# [Your objective]
What is needed is an exact copy of the lines in the entries below from the one holding "Spectra of the" through the one holding "首先,我们打开我们的手机,然后我们在手机桌面的上方下滑一下,如图所示;", pictures excluded.

# [Extracted entries]
-------
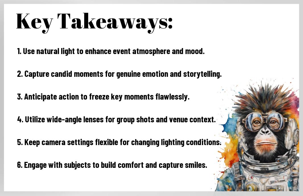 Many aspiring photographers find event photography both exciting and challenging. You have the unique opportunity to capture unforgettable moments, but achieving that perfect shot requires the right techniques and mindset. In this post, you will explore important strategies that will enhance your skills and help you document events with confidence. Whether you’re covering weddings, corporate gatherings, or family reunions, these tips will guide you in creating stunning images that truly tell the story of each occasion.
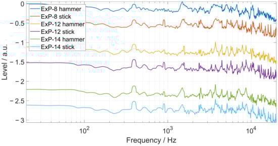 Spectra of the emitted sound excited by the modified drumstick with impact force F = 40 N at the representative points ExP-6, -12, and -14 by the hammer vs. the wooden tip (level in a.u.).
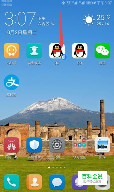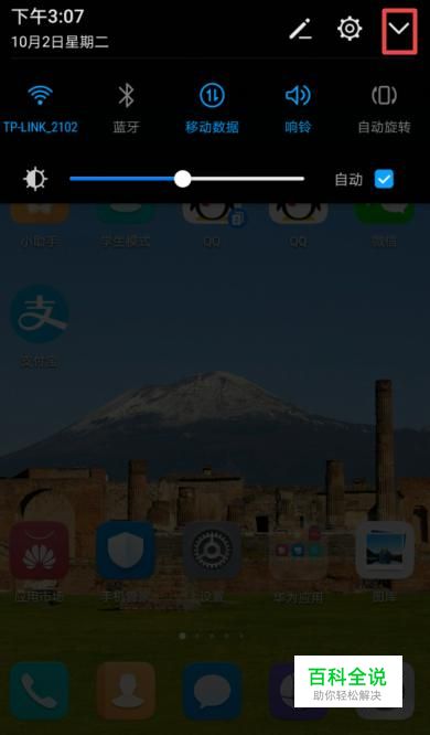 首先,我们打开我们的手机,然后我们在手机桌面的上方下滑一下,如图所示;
-------
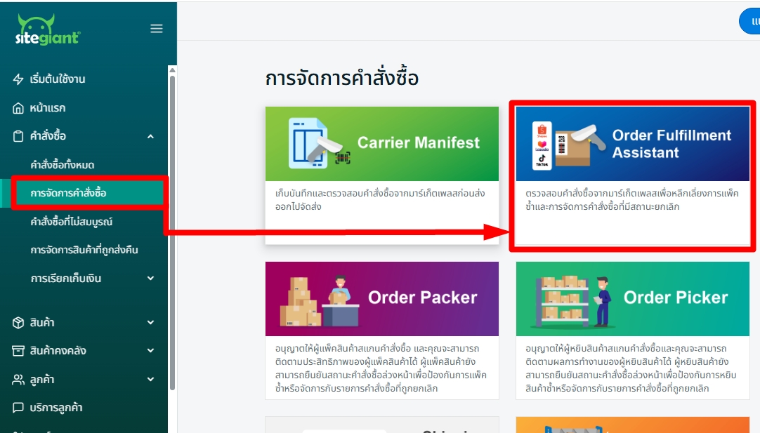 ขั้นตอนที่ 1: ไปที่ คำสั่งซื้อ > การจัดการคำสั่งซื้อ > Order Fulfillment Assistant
-------
# [Exercise solution]
 Spectra of the emitted sound excited by the modified drumstick with impact force F = 40 N at the representative points ExP-6, -12, and -14 by the hammer vs. the wooden tip (level in a.u.).
 首先,我们打开我们的手机,然后我们在手机桌面的上方下滑一下,如图所示;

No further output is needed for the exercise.